Pharmaceutical Technology
Volume 35, Issue 1

Consider new approaches

In September 2009, the Global Harmonization Task Force (GHTF), which is essentially an ICH-like entity for the medical-device industry, released a draft guidance on quality-management systems (QMS) that addresses corrective actions, preventive actions, and related processes. The document, which was published as final in November 2010, has gained quite a bit of attention across the drug-manufacturing sector because of its unique interpretation of QMS and corrective and preventive actions (4).

For background, GHTF was established in 1992 to achieve greater uniformity between national medical device regulatory systems with two primary goals: enhance patient safety and increase access to safe, effective and clinically beneficial medical technologies around the world. Membership includes industry and regulatory authorities, including the organization's five founding members: the European Union, United States, Canada, Australia, and Japan. These members rotate chairmanship.

"I remember the first time I read the GHTF document," recalls Valerie Welter, senior director of quality management for Teva Animal Health (St. Joseph, MO), a subsidiary of Teva USA, "and it was like a light at the end of a dark tunnel. For years, I, like many quality professionals, struggled with defining a preventive action as a requirement to close every CAPA. Procedures were based on defining a single definitive root cause, at least one corrective action and at least one preventive action. The GHTF document provides a logical escalation process associated with the evaluation, investigation, verification, implementation and effectiveness determinations associated with negative quality events as defined in the measurement, analysis, and improvement sections of the device QMS regulation."

The GHTF document was created because device manufacturers were "failing to understand or fully implement the International Organization for Standardization (ISO) 13485:2003 QMS-based processes related to corrective actions and preventive actions," says Egan Cobbold, chair of the task force's Study Group 3 on quality systems. As a result, these systems were often cited in FDA inspection reports. "The guidance is therefore meant to improve the medical-device industry's understanding of basic corrective and preventive principles and lead to greater compliance with QMS requirements," he says.

The guidance includes a few concepts that may be considered innovative to the pharmaceutical sector. For example, the document states that preventive action as continuous improvement is not necessarily "CAPA." GHTF omitted the term "continuous improvement" from the guidance because it felt that the "continuous improvement of processes should be driven by organizational or business forces and not by medical-device regulations," explains Cobbold. "ISO 13485:2003 requires manufacturers to maintain an effective QMS not continually improve it.

The document also separates "preventive action" from "corrective action" by avoiding use of the CAPA acronym. The idea, says Cobbold, was to "highlight the need for the reader to understand the definitions of these terms which comes from the ISO definition (ISO 9000:2005).... That is, a corrective action is an action taken by a manufacturer to prevent the recurrence of a nonconformity, while a preventive action is an action taken by a manufacturer to prevent the occurrence of a nonconformity. These are two separate activities." A second reason for not using the CAPA acronym was to stress that when a "corrective action" is taken by a manufacturer in response to a nonconformity, it cannot by definition be followed by a "preventive action," says Cobbold.

Finally, the GHTF guidance talks about the difference between being preventive and being reactive. The document uses the term "data source" to identify sources of information that a manufacturer could use to monitor a product, process, or QMS. "Data sources could be considered as being reactive or proactive depending on how the information associated with the data source is used by the manufacturer," says Cobbold. "An example of a reactive data source could be returned nonconforming product. The manufacturer 'reacts' by taking corrective action such as redesigning the device to prevent the recurrence of the nonconformity.... An example of a proactive data source could be the manufacturer's risk-management process. The manufacturer identifies unacceptable product risks during the initial design phase of a new device and acts proactively by using this information to take appropriate risk-control measures to prevent unacceptable product related safety risks from occurring in the device.

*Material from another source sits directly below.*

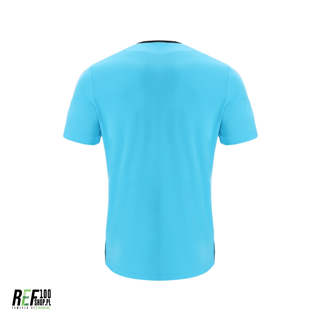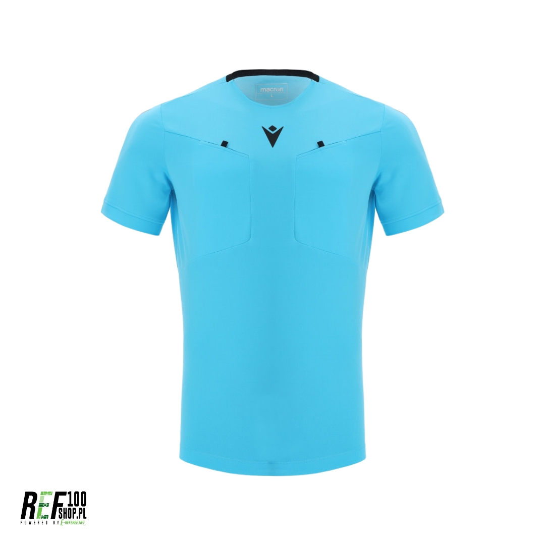 Koszulka sędziowska Macron Frisk w kolorze niebieskim wykonana jest w 100% z poliestru. Koszulka posiada na froncie dwie kieszenie na kartki, które są zapinane na rzepy. Siatkowe wstawki na ramionach zapewniają lepszą wentylację.

Comments Welter, "A good way, if not a best way to interpret prevention versus reactive is the source of the knowledge...If the knowledge/input to your quality system is the result of an event that is happening within your quality system, it is reactive...You have knowledge and you are reacting to it by initiating a CAPA. An example may be a sister site is issued a 483, and you recognize the same vulnerability in your quality system...You are reacting. Conversely, if you gain knowledge through a source that something will or may affect your quality system in the future, an example may be a regulation that will be changing in 2012. You initiate within your quality plan an improvement in your quality system such that you are compliant when the regulation changes in 2012; this is preventive."

Overall, Welter believes that these concepts make perfect sense for the pharmaceutical secctor. "CAPA by definition is a reactionary program—inputs to the CAPA program are typically associated with negative events. Preventive actions are proactive, not based upon a negative event. In my opinion, it makes the most sense to fully separate those positive quality initiatives from those that are a result of a negative event. Additionally the processes associated with DMAIC [i.e., the major component of a Six Sigma manufacturing program] problem solving really do not meld well with a continuous improvement plan. ... Remember too that most continuous improvement initiatives are longer range types of projects, which is inconsistent with the urgency related to CAPA corrective actions.

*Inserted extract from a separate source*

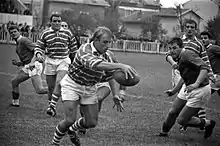 Le club dispute ensuite une demi-finale du Championnat contre Pau[35] en 1946. Les 4 saisons suivantes seront plus difficiles. En 1947, l'ailier Varo Cardesi commence un long bail de 12 saisons en équipe première et commence déjà à enchaîner les essais[36] mais Grenoble manque la qualification[37].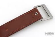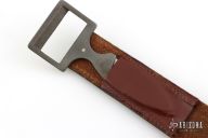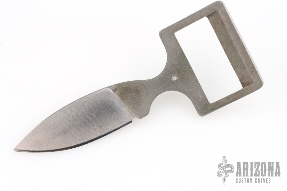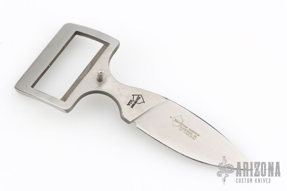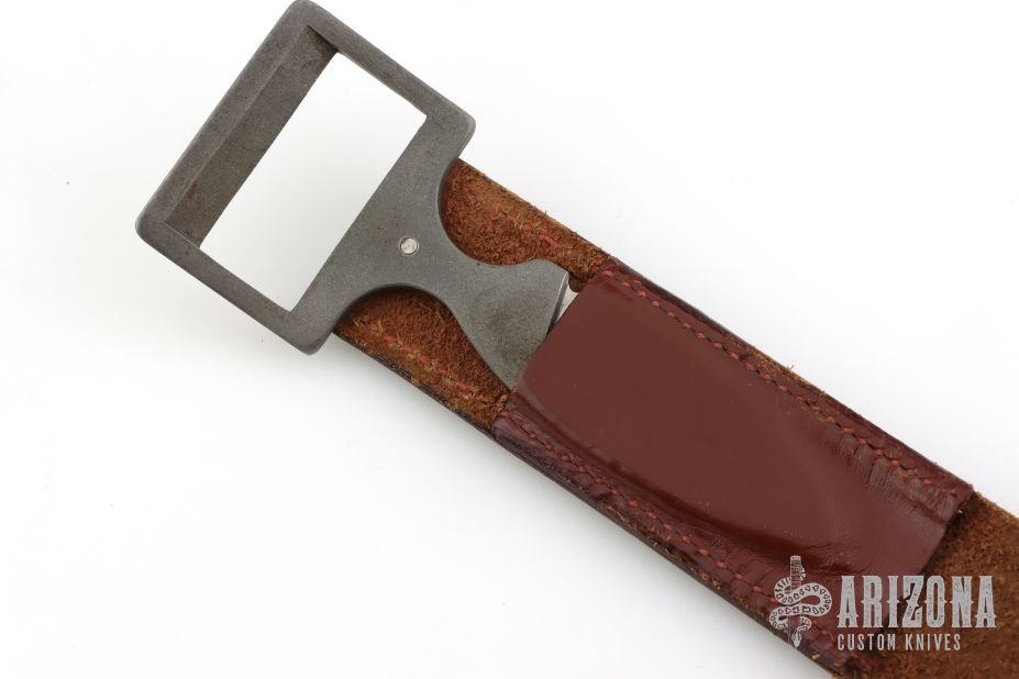 This is a belt buckle knife by Bowen USA. Has a drop point blade, .167" blade stock and .978" blade depth, integral construction. Comes with a brown leather 30" belt. Has a few light scuffs, otherwise excellent condition.

Regardless of the type of data source, the guidance document advises a manufacturer to measure, monitor, and analyze the information about real or potential nonconformities coming from within and across data sources. These fundamental processes (e.g., planning, measurement and analysis, improvement, and management review) should be easily transferable to other industry sectors—including the pharma sector—that voluntarily operate or are regulated to operate an ISO 9001-based QMS to help prevent and control manufacturing deviations, says Cobbold. The concept of data sources should also be easily transferable.

According to Welter, the GHTF document "simplifies the overall investigative process [for when manufacturing deviations occur] and provides clear, concise and helpful information reflective of current FDA thinking.

Regardless of the type of data source, the guidance document advises a manufacturer to measure, monitor, and analyze the information about real or potential nonconformities coming from within and across data sources. These fundamental processes (e.g., planning, measurement and analysis, improvement, and management review) should be easily transferable to other industry sectors—including the pharma sector—that voluntarily operate or are regulated to operate an ISO 9001-based QMS to help prevent and control manufacturing deviations, says Cobbold. The concept of data sources should also be easily transferable.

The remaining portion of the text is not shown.